Jak twoje potrzeby marketingowe i pozycja różnią się w Europie i Ameryce? W Europie od początku O’Neill był na pozycji jako marka surfingowa i snowboardowa. Natomiast w Ameryce jest to głównie marka surfingowa. Quiksilver i Billabong są tam przodującymi markami surfingowymi, tutaj dodatkowo przodujemy w marce snowboardowej. W Ameryce nie można mieć obu.
Jak targi wyglądają w tym roku? Przez pierwsze dni, bardzo pracowicie. To wspaniały show.
Jak wyglądacie w relacjach między innymi wystawcami? Myśle że targi są marką. Zawsze istnieje ewolucja - marki umierają, powstają. Ispo jest jak O’Neill - istnieje od wielu lat. Jest godne zaufania, ludzie wiedzą czego mogą oczekiwać - ale też potrzebują niespodzianek. To właśnie robimy w naszych kolekcjach.
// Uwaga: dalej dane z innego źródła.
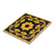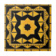 Ceramic tile featuring a stylish geometric pattern in ochre and black with a touch of gold. The image is large enough for both the small or large size tile and will fit nicely in a kitchen or bathroom. Beautiful to combine with plain black and plain ochre tiles for a unique style!
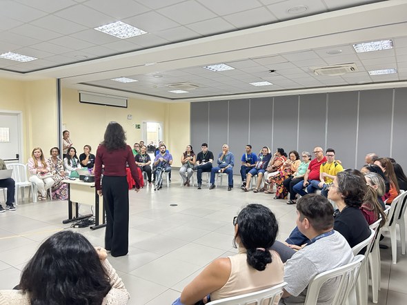 Usando o instrumento kalimba, a juíza interagiu com os(as) participantes, contando a história da menina com espectro. Em sua fala, ela descreve sobre a inclusão de pessoas neurodivergentes e o direito ao seu pleno desenvolvimento em comunidade. “Antes, as pessoas com deficiência eram tiradas do convívio social, mas essa realidade está mudando”, disse. A magistrada falou ainda sobre acessibilidade; combate ao bullying e o direito à saúde, educação e política.
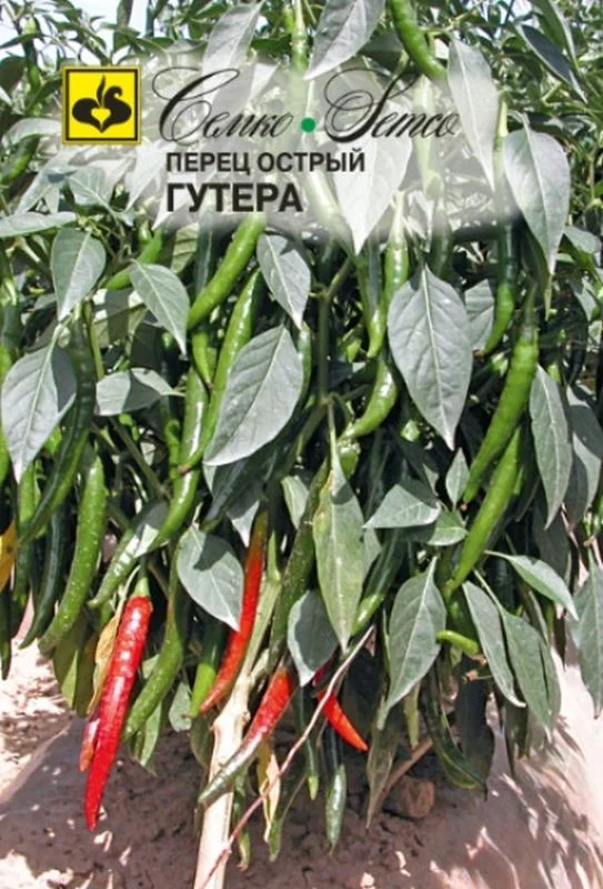 Перец Гутера - среднеранний сорт острого перца типа чили. От всходов до технической спелости 105-110 дней, до биологической 120-130 дней. Растение среднерослое высотой до 50-60 см, с множеством боковых побегов, специальной формировки не требуется. На растении одновременно формируется 15-20 плодов. Перцы узкоконусовидные, длиной до 12 см, диаметр у основания плодоножки 1-1,5 см, пониклые, глянцевые, массой 10-15 г, толщина стенки 1-1,3 мм. В технической спелости плоды тёмно-зелёные, в биологической – тёмно-красные. Перец Гутера дружносозревающий, жаростойкий. Вкус острый. Товарность и транспортабельность высокие. Рекомендуется для выращивания в открытом грунте, во всех типах теплиц, на балконах и в комнатных условиях. Используется для потребления в свежем виде, при консервировании и засолке овощей, для сушки. Густота посадки 6-8 раст./м2, схема посадки 70х25 см. Урожайность 1,2-3,0 кг/м2.

Gdzie ispo pasuje do tego obrazu? Mogą wprowadzać w życie pomysły tak szybko jak nowe marki, co stwarza wspaniałą przyszłość.
Jakiego rodzaju elastyczności oczekujecie od targów? Show musi być bardziej autentyczny niż kiedykolwiek. Ispo potrzebowało tego parę lat temu i udało im się. Jeśli jesteś nowy na rynku to łatwo jest się pokazać. Jeśli jesteś na rynku od lat, jak my, czy ispo, jest o wiele trudniej zainteresować sprzedawców. Ispo jest doskonałym przykładem zrozumienia naszych potrzeb, czego nam brakuje i co chcielibyśmy dodać.